To be blunt, this is called Debt entrapment which is a form of financial slavery. It’s when you’re so deep in debt that it feels impossible ever to get out. You make minimum payments on your debts month after month, but the balances never seem to go down. Meanwhile, the interest keeps piling up, and you can barely keep up with your day-to-day expenses, let alone save any money for the future. It’s a vicious cycle that can quickly spiral out of control.
If you’re struggling with debt, you’re not alone. It’s a problem that affects millions of Americans. In fact, according to a report from the Federal Reserve, more than 40% of American adults say they cannot cover an unexpected $400 expense without borrowing money or using a credit card or selling something.
But there is hope. You can get out of debt. It might take some time and effort, but it’s possible to achieve freedom from debt. Let’s discuss a few ways you can improve your situation.
1. Analyze your Finances
Many of us have scattered finances as we have multiple credit cards, bank accounts and loan accounts.
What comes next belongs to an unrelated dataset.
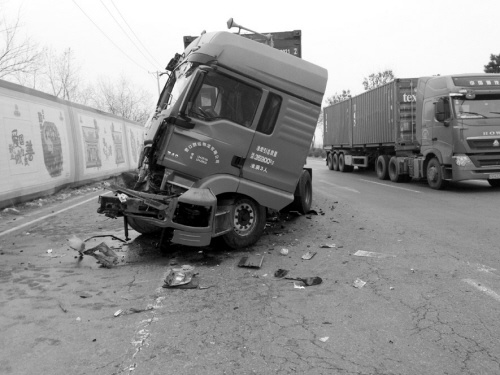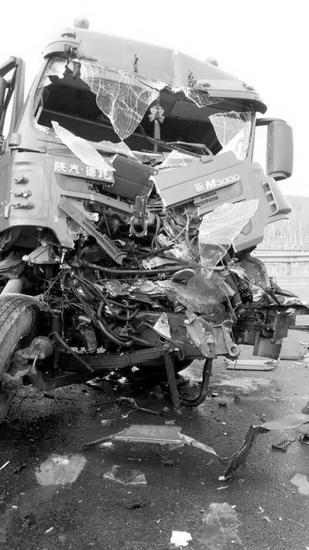 沈阳一大货因前车急刹追尾撞报废(图)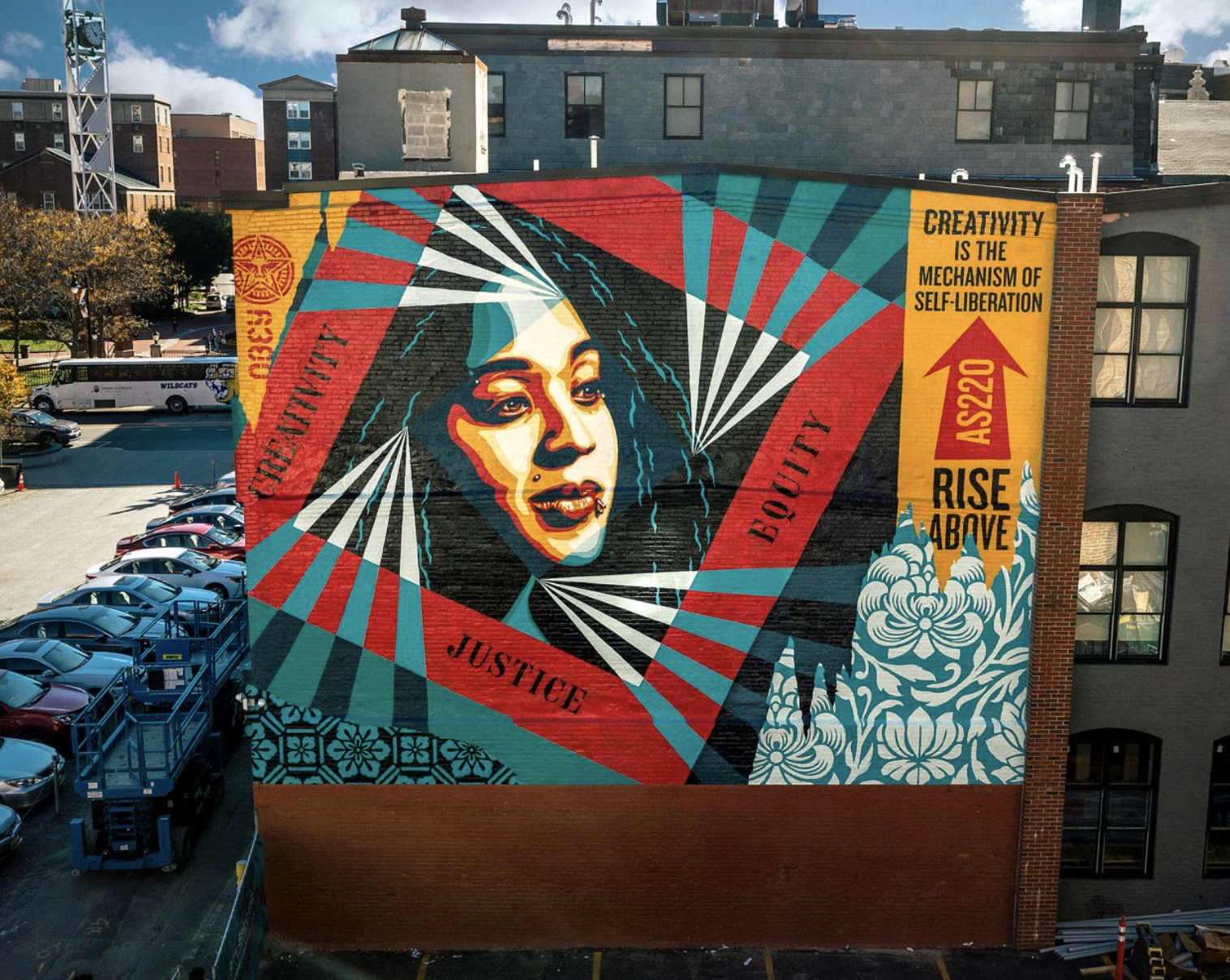 GET THE LATEST BREAKING NEWS HERE -- SIGN UP FOR GOLOCAL FREE DAILY EBLAST"I just completed my 100th mural in Providence, RI. Special thanks to Shauna, Ruth, Neal, Umberto, Paris, David and the rest of the AS220 team, Cornish Associates, Buff, and Nathaniel Chace, my mural team: Dan, Nic, and Rob, and Anjel Newmann for being the inspiration and model of this mural,” said Fairey.

Since these accounts are with different financial institutions, it becomes very difficult to understand how much money one really has. It is very important to have a consolidated view of all your financial accounts so that you can have a clear understanding of your money and personal finances. We recommend that you use MoneyPatrol to link all your financial accounts to get a consolidated view of all your accounts. This view will help you see your total income, expenses, and debts across the various financial institutions you have relationships with. Additionally, in this exercise, along with your total debt, you can identify your total loan payments, interest fees and interest rates.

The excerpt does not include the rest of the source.